Turner v. Williams, 194 U.S. 279 (1904)
U.S. Supreme CourtTurner v. Williams, 194 U.S. 279 (1904)
Turner v. Williams
Argued April 6-7, 1904
Decided May 16, 1904
194 U.S. 279
Congress has power to exclude aliens from, and to prescribe the conditions on which they may enter, the United States; to establish regulations for deporting aliens who have illegally entered, and to commit the enforcements of such conditions and regulations to executive officers. Deporting, pursuant to law, an alien who has illegally entered the United States does not deprive him of his liberty without due process of law.
The Alien Immigration Act of March, 1903, 32 Stat. 1213, does not violate the federal Constitution, nor are its provisions as to the exclusion of aliens who are anarchists, unconstitutional.
A board of inquiry and the Secretary of Commerce and Labor having found that an alien immigrant was an anarchist within the meaning of the Alien
Immigration Act of March 3, 1903, and there being evidence on which to base this conclusion, his exclusion, or his deportation after having unlawfully entered the country within the period prescribed pursuant to the provisions of the act, will not be reviewed on the facts.
John Turner filed in the United States Circuit Court for the Southern District of New York, October 26, 1903, a petition alleging --
"First. That, on October 23, in the City of New York, your relator was arrested by divers persons claiming to be acting by authority of the government of the United States, and was by said persons conveyed to the United States immigration station at Ellis Island, in the harbor of New York, and is now there imprisoned by the Commissioner of Immigration of the port of New York."
"Second. Your relator is so imprisoned by virtue of a warrant sworn out by the Secretary of the Department of Commerce and Labor, which warrant charges your relator with being an anarchist, and being unlawfully within the United States, in violation of section 2 and section 20 of the immigration laws of the United States, as amended by Act of March 3, 1903."
"Third.

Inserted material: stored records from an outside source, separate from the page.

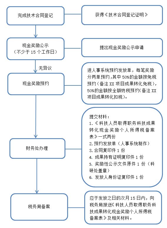10.财务发放现金奖励。项目负责人需持合同复印件、成果持有证明复印件、奖励性公示文件原件(科研处盖章)、发放人身份证复印件及预约发放单,若满足个税减半的还需填写《科技人员取得职务科技成果转化现金奖励个人所得税备案表》(附件5)签字盖章后一并交到财务处,并依法履行相关备案手续。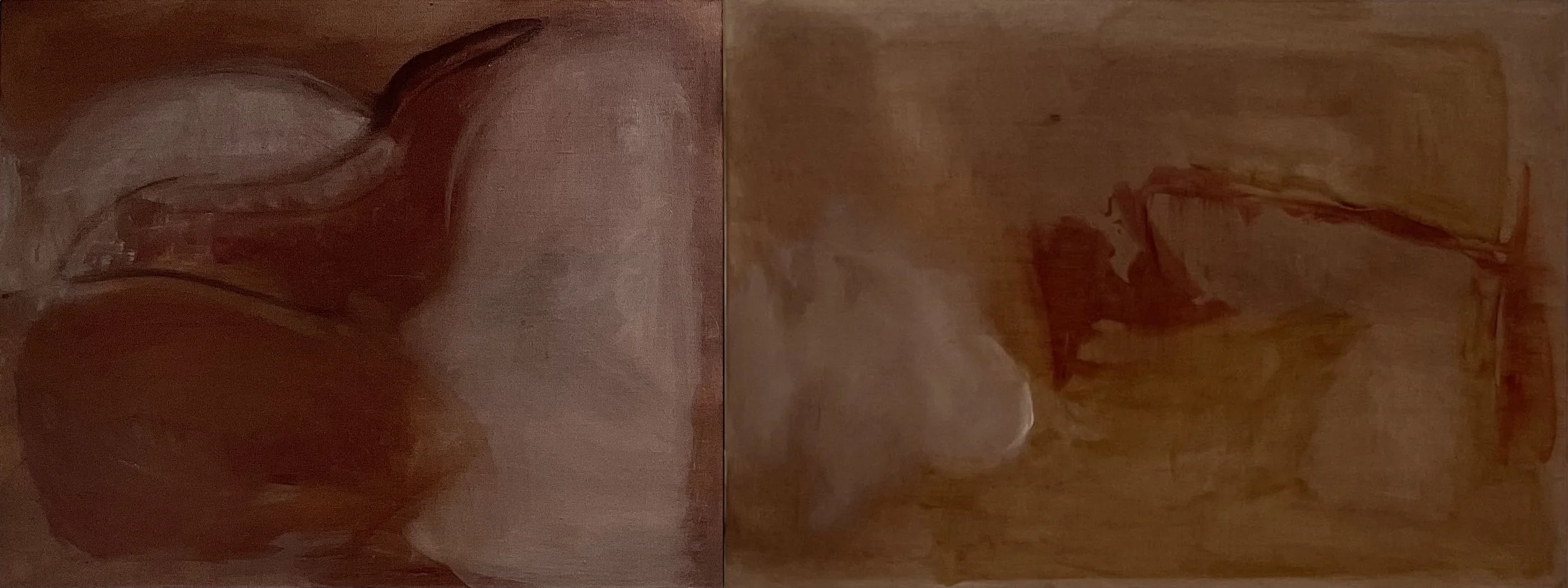 After Breath, Oil on linen, Diptych, 185 x 70 cm (85 x 70 cm, 100 x 70 cm), 2025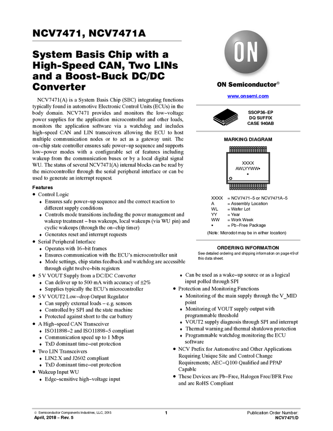 NCV7471 System Basis Chip with Dual LIN, HS CAN and 500 mA Boost-Buck DC-DC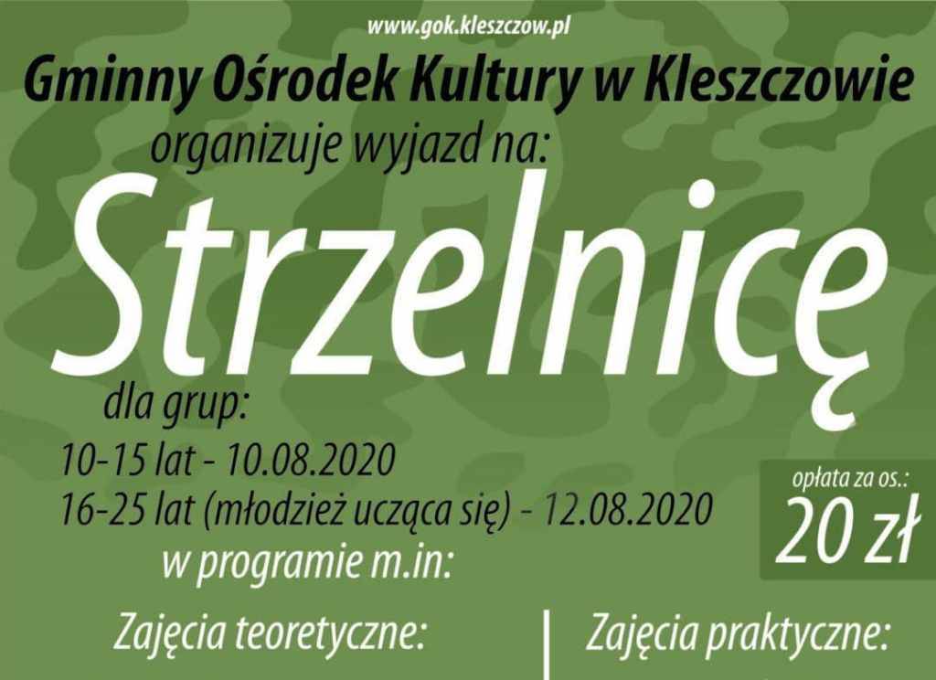 GOK w Kleszczowie w ramach projektów zajęć, organizowanych w wakacje dla dzieci i młodzieży, zorganizuje w sierpniu wyjazdy na strzelnicę.

Upon information and belief, that a special board of inquiry, consisting of Charles Semsey, Captain Weldon, supervising inspector, and L. C. Stewart, all of whom are executive officers of the United States, has inquired into your relator's case, and decided that your relator is an anarchist, and is in the United States in violation of law, within the meaning of the Act of March 3, 1903."
"Fourth. Your relator denies that he is an anarchist within the meaning of the immigration laws of the United States, and states to the court that about six years ago, he took out his first papers of application for citizenship in this country, and that he has at no times been engaged as a propagandist of doctrines inciting to, or advising, violent overthrow of government, but for about six years last past he has been the paid organizer of the retail clerks of Great Britain, and his business
in this country is solely to promote the interests of organized labor, and that he has at all times conducted himself as a peaceful and law-abiding citizen."
"By reason of all of which facts, your relator says that his imprisonment is illegal, in that he is being deprived of his liberty without due process of law and is being denied equal protection of the laws, contrary to the Constitution and laws of the United States."
And praying for a writ of habeas corpus to the Commissioner of Immigration of the port of New York, and also for a writ of certiorari to bring up the record of the board of inquiry which adjudged him to be an anarchist and in the United States in violation of the immigration laws. The commissioner made return under oath, and also certified the record of the board of inquiry.
The return stated --
"That the above-named John Turner is an alien, a subject of the Kingdom of Great Britain and Ireland; that said alien came to the United States from England on or about ten days prior to October 24, 1903, as deponent is informed and believes."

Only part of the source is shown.